PROBLEM REQUIREMENTS:
Copy out the data below from the line containing "Ein paar vereinzelte" to the line containing "在印染行业中,海藻酸钠用作活", both lines included, with all images left out.

(RECORD EXTRACTS)

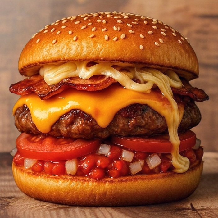 Una delicia para los amantes del queso: carne de res de 120 gramos con mezcla de queso manchego, queso de hebra y queso amarillo derretido, acompañada de tocino crujiente, lechuga, jitomate y pan suave. Cremosa, jugosa y poderosa.
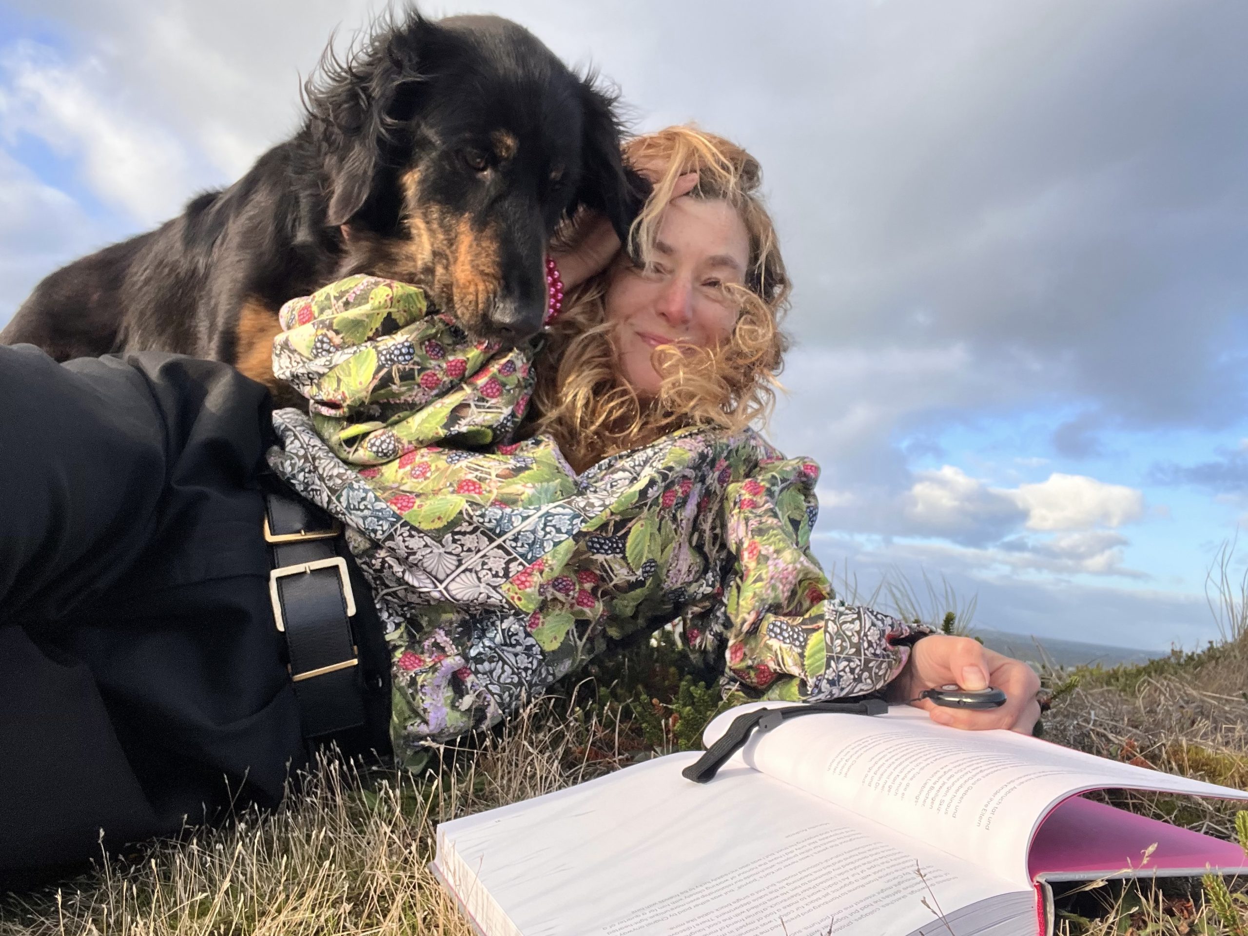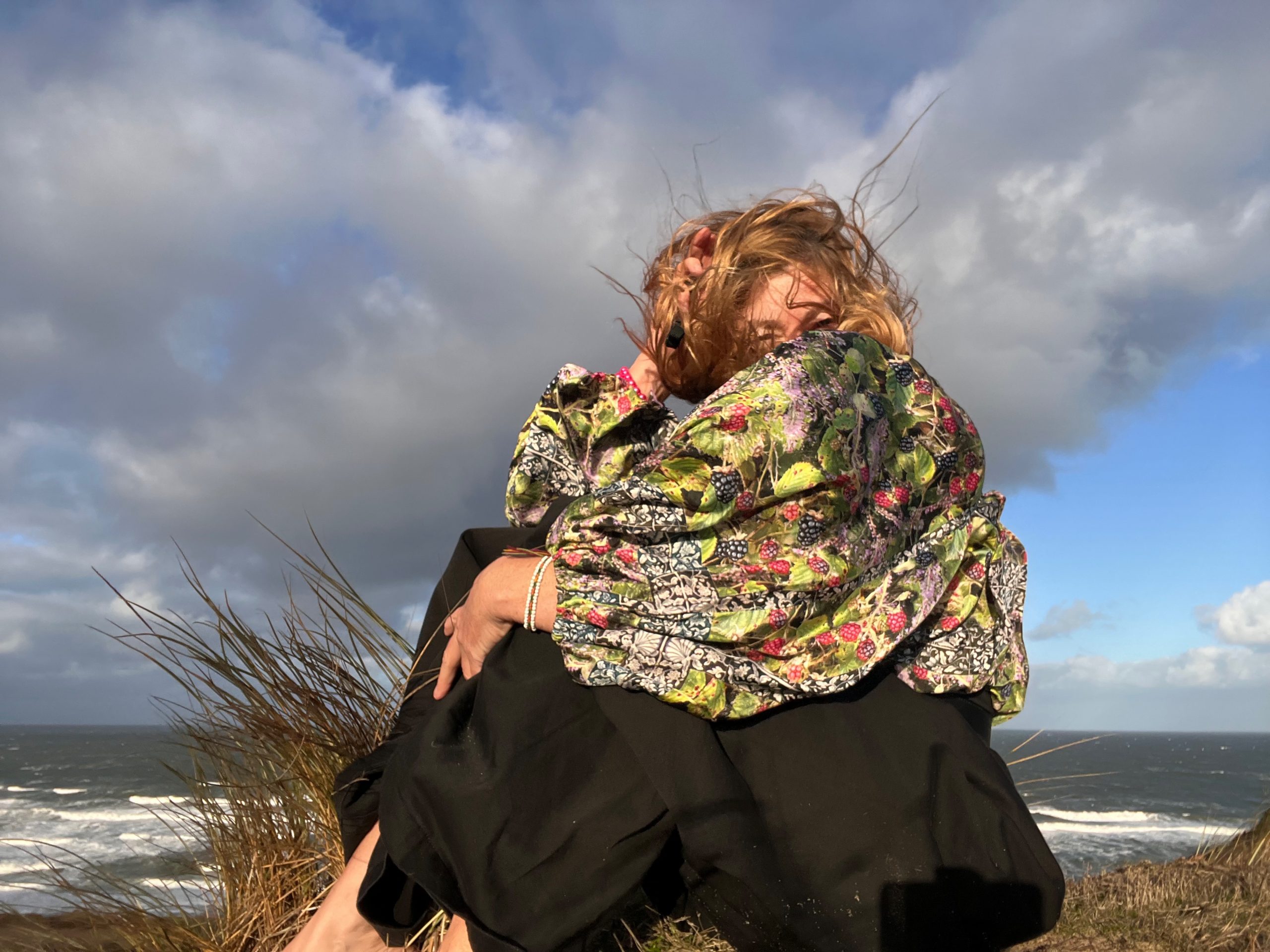 Ein paar vereinzelte Spaziergänger schauen irritiert rüber, was macht die da? Sie ist ganz eins mich sich, den Sylter Brombeeren und den Dünen zwischen Himmel und Meer.
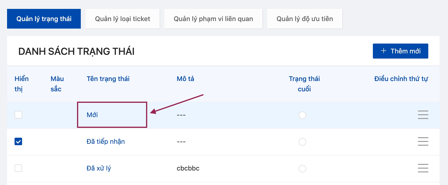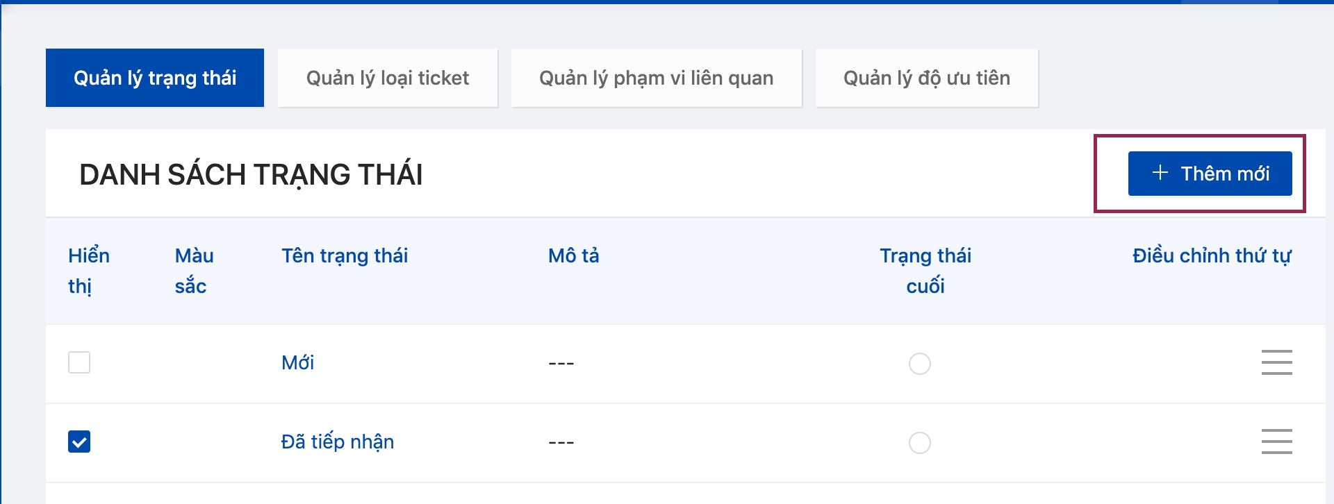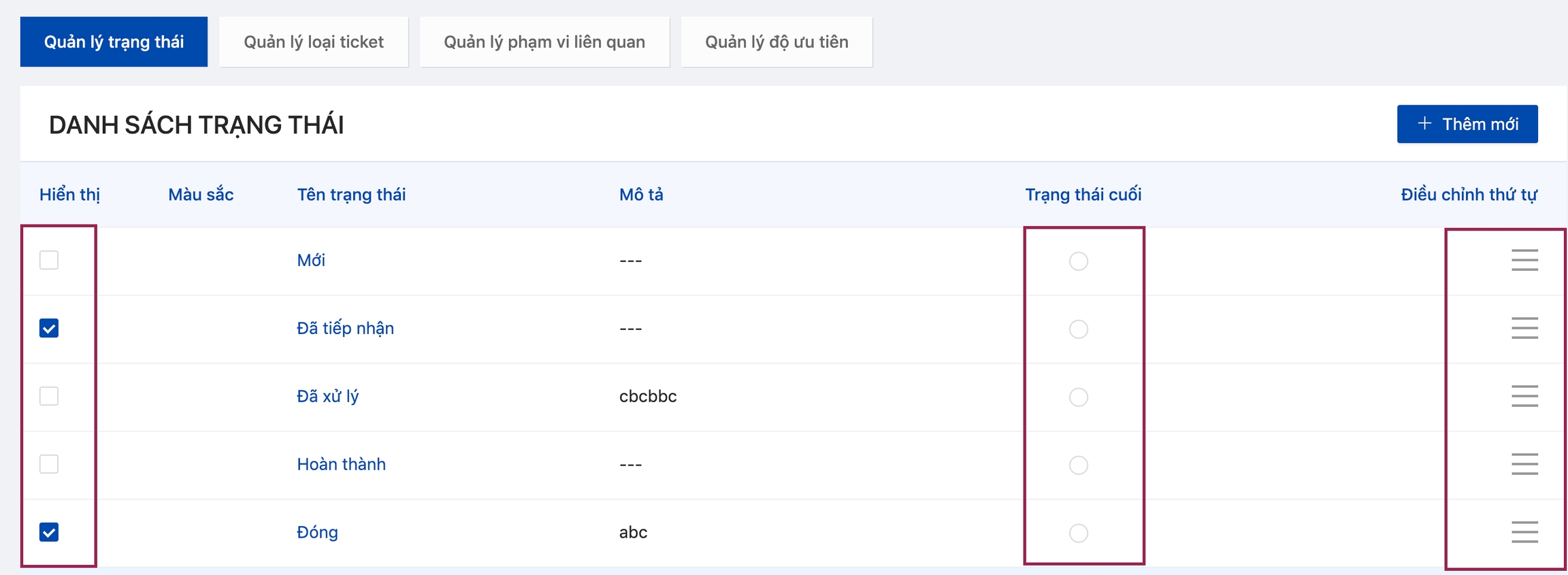 Điều chỉnh thứ tự hiển thị trạng thái. Khi điều chỉnh thì các mục liên quan như: trường trạng thái khi cập nhật ticket, Danh sách ticket dạng Kanban cũng sẽ sắp xếp lại theo thứ tự này
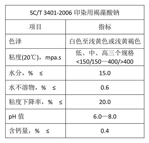在印染行业中,海藻酸钠用作活性染料色浆,优于粮食、淀粉和其它浆料。印出的纺织品花纹鲜艳,线条清晰,给色量高,得色均匀,渗透性与可塑性均良好。褐藻胶是现代印染业的优良浆料,现已广泛应用于棉、毛、丝、尼龙等各种织品的印花,特别适用于配制拔染印花浆。还可用作经纱上浆料,不仅可以节约大量粮食,而且能使经纱的纤维不起毛,耐摩擦,断头率少,从而提高织布效率,对棉纤维和合成纤维均有效。
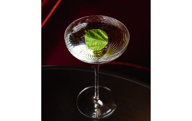 Method: Add all ingredients (except the sweet mastiha spray) to a mixing glass filled with ice. Stir gently until well chilled and perfectly diluted. Strain into a chilled coupe glass. Finish with a light spray of sweet mastiha and garnish with a shiso leaf and green shiso oil.

(End RECORD EXTRACTS)

EXERCISE OUTPUT:
 Ein paar vereinzelte Spaziergänger schauen irritiert rüber, was macht die da? Sie ist ganz eins mich sich, den Sylter Brombeeren und den Dünen zwischen Himmel und Meer.
 Điều chỉnh thứ tự hiển thị trạng thái. Khi điều chỉnh thì các mục liên quan như: trường trạng thái khi cập nhật ticket, Danh sách ticket dạng Kanban cũng sẽ sắp xếp lại theo thứ tự này
在印染行业中,海藻酸钠用作活性染料色浆,优于粮食、淀粉和其它浆料。印出的纺织品花纹鲜艳,线条清晰,给色量高,得色均匀,渗透性与可塑性均良好。褐藻胶是现代印染业的优良浆料,现已广泛应用于棉、毛、丝、尼龙等各种织品的印花,特别适用于配制拔染印花浆。还可用作经纱上浆料,不仅可以节约大量粮食,而且能使经纱的纤维不起毛,耐摩擦,断头率少,从而提高织布效率,对棉纤维和合成纤维均有效。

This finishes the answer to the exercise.